_Information shown:_
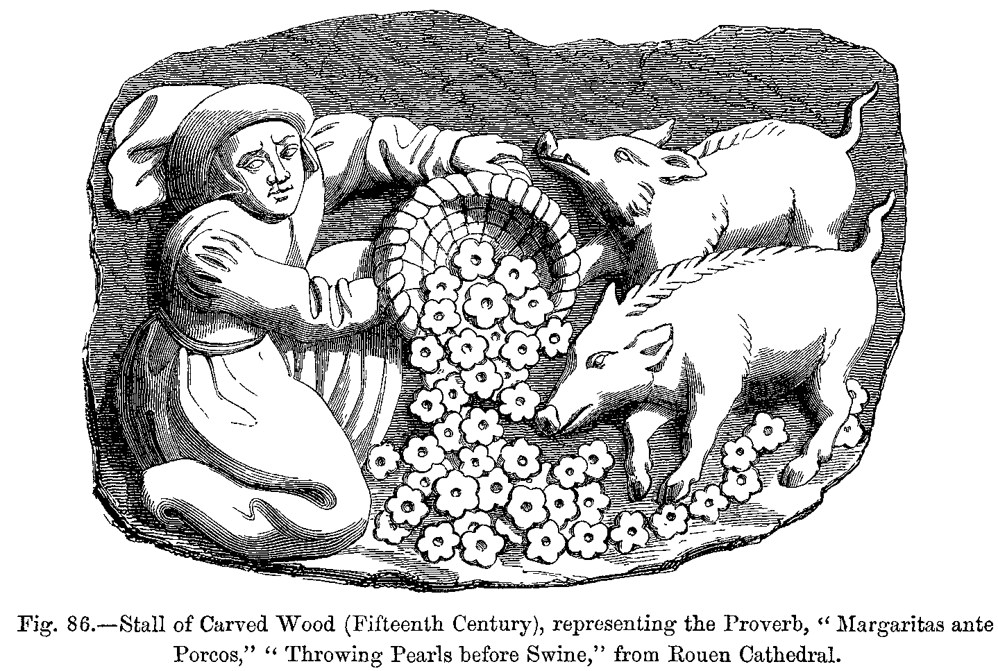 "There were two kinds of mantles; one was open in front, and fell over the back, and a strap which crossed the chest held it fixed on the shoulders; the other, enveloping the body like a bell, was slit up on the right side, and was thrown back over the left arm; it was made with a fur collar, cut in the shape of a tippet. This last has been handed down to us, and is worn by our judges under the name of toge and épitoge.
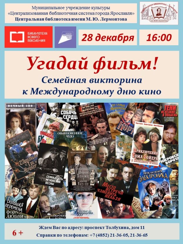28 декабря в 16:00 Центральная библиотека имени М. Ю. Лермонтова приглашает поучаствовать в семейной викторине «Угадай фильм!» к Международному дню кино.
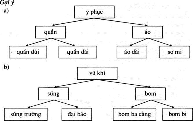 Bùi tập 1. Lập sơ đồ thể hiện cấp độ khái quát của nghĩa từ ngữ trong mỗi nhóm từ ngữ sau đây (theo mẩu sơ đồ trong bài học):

_Work instruction:_
The material above is to be repeated word for word, with no images kept.

_Answer to this task:_
 "There were two kinds of mantles; one was open in front, and fell over the back, and a strap which crossed the chest held it fixed on the shoulders; the other, enveloping the body like a bell, was slit up on the right side, and was thrown back over the left arm; it was made with a fur collar, cut in the shape of a tippet. This last has been handed down to us, and is worn by our judges under the name of toge and épitoge.
28 декабря в 16:00 Центральная библиотека имени М. Ю. Лермонтова приглашает поучаствовать в семейной викторине «Угадай фильм!» к Международному дню кино.
 Bùi tập 1. Lập sơ đồ thể hiện cấp độ khái quát của nghĩa từ ngữ trong mỗi nhóm từ ngữ sau đây (theo mẩu sơ đồ trong bài học):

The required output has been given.